En effet, lors de la réorganisation de la BDD 2018, les postes de conseillers, chargés d’affaires pro et experts étaient fixés en cible à 153.

Ils sont d’après nos informations à 137 aujourd’hui. Un poste de directeur Pro & Asso serait par ailleurs vacant sur le secteur Nord de la DR 77. Ces effectifs en cible seront-ils atteints un jour ? Sont-ils encore d’actualité ? On peut en douter.

Si la création de nouveaux métiers de directeurs filière entrepreneurs et chargés d’affaires entrepreneurs représentent potentiellement une perspective pour un certain nombre de collègues chargés d’affaires pro et experts, si la filière entrepreneurs peut également constituer une passerelle (ha, les fameuses passerelles !) vers la BDR, il reste une inconnue de taille : combien de recrutements s’opéreront en interne ? Le souhait de M. Bonnemains de voir 90 % des postes pourvus en interne se réalisera-t-il ?

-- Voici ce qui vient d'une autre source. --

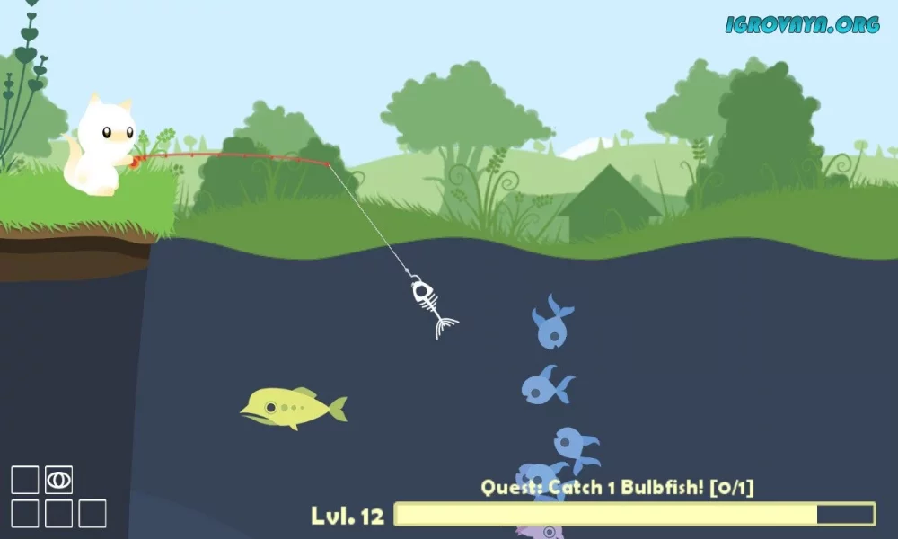 Действия игры разворачиваются на необычном водоеме, куда отправляется ваш персонаж – кот. Цель игры проста: поймать как можно больше рыбы. Но в Cat Goes Fishing не стоит ждать скучной рыбалки, где нужно просто ждать поклевки. Здесь каждый момент наполнен увлекательными открытиями.

Les opportunités seront-elles ouvertes à tous, et liées au seul examen des compétences professionnelles reconnues, sans exclusive et sans distinction ? On peut légitimement en douter.

Qu’en est-il du poste de travail en mobilité pour les chargés et conseillers Pros ? Ce poste en test actuellement pour les chargés d’affaires BDR leur serait également utile lors de leurs RDV chez leurs clients Large Pros ou Pros & Assos.

Au fil des réorganisations, les effectifs fondent comme neige au soleil

Depuis 4 ans la Caisse d’épargne vit au rythme des évolutions, réorganisations, modernisations permanentes. Nous avons arrêté les comptes à près de 25 dossiers présentés en CE et maintenant au CSE avec 4 projets présentés en plein été. 25 dossiers parmi lesquels 2 réorganisations de la BDD, une réorganisation des fonctions supports avec la création de la DS2C, les adaptations et déclinaisons de cette dernière sur différentes directions, la réorganisation d’ampleur des fonctions supports de la BDD, et bien sûr les évolutions de la BDR, de la Banque Privée, de la DSTS, de la GP, etc. Certaines directions ou unité de travail ayant vécu 2 projets en 4 ans comme l’agence dédiée par exemple. Au-delà des nécessaires efforts d’adaptation des uns et des autres aux nouvelles organisations, au-delà des mobilités tant géographiques que fonctionnelles induites, l’un des effets de ces « évolutions, réorganisations » en chaîne est la disparition de 385 CDI depuis le 1er janvier 2014. On peut aussi légitimement s’interroger sur ces pratiques d’écrêmage, et qui empêchent de surcroît toute stabilisation des organisations.